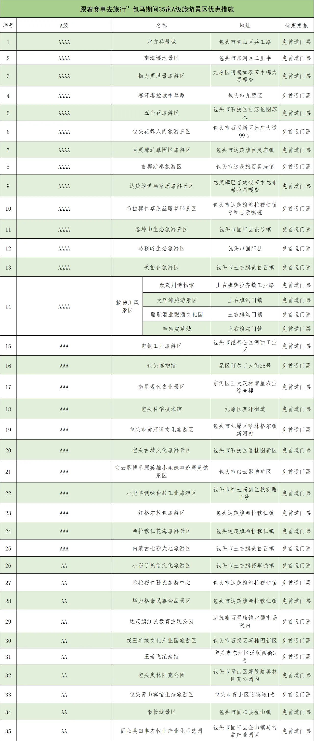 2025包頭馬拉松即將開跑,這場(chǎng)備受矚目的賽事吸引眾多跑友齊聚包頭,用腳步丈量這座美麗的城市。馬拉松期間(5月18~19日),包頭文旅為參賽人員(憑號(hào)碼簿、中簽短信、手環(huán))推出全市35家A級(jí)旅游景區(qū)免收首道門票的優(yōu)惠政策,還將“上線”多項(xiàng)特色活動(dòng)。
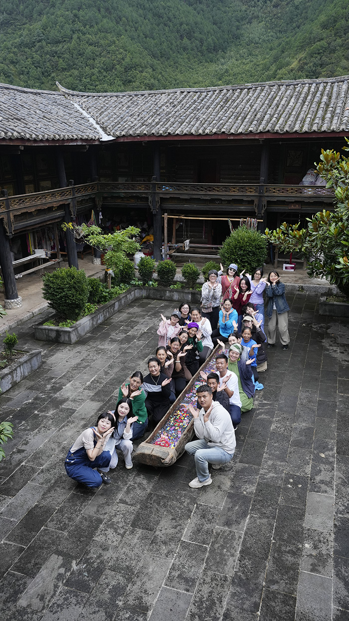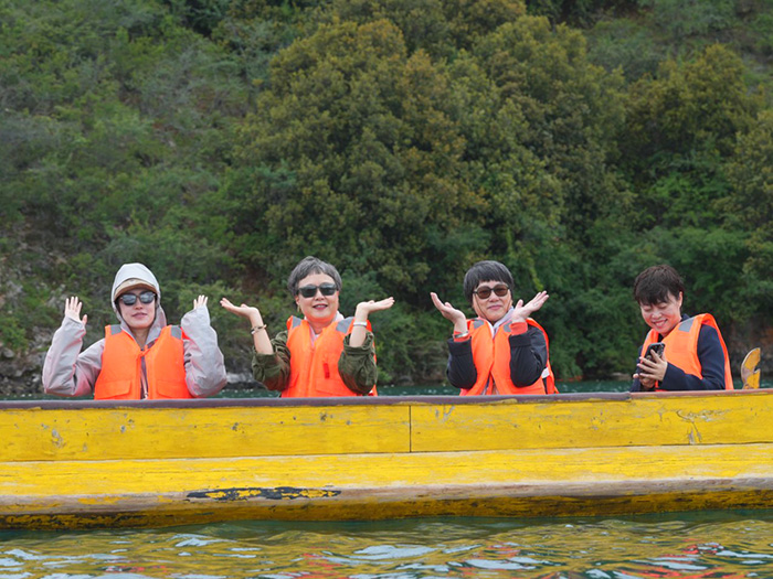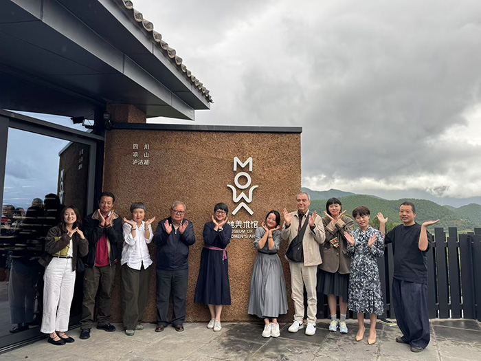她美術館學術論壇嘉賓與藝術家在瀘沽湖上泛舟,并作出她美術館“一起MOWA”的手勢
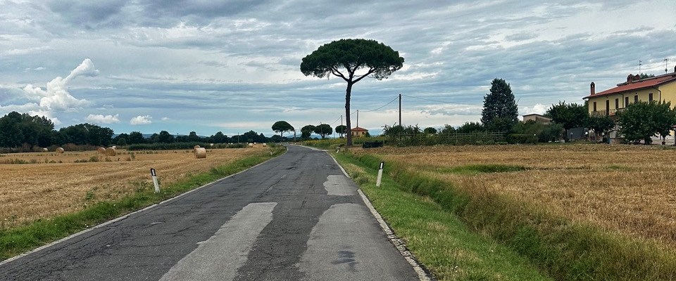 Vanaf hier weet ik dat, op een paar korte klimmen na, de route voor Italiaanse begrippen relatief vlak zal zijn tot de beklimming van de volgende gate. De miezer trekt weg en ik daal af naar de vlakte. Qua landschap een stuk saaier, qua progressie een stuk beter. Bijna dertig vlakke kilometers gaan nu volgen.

EXERCISE PROMPT => Restate the whole listing word for word. Omit the pictures.

EXPECTED ANSWER =>
 2025包頭馬拉松即將開跑,這場(chǎng)備受矚目的賽事吸引眾多跑友齊聚包頭,用腳步丈量這座美麗的城市。馬拉松期間(5月18~19日),包頭文旅為參賽人員(憑號(hào)碼簿、中簽短信、手環(huán))推出全市35家A級(jí)旅游景區(qū)免收首道門票的優(yōu)惠政策,還將“上線”多項(xiàng)特色活動(dòng)。
她美術館學術論壇嘉賓與藝術家在瀘沽湖上泛舟,并作出她美術館“一起MOWA”的手勢
 Vanaf hier weet ik dat, op een paar korte klimmen na, de route voor Italiaanse begrippen relatief vlak zal zijn tot de beklimming van de volgende gate. De miezer trekt weg en ik daal af naar de vlakte. Qua landschap een stuk saaier, qua progressie een stuk beter. Bijna dertig vlakke kilometers gaan nu volgen.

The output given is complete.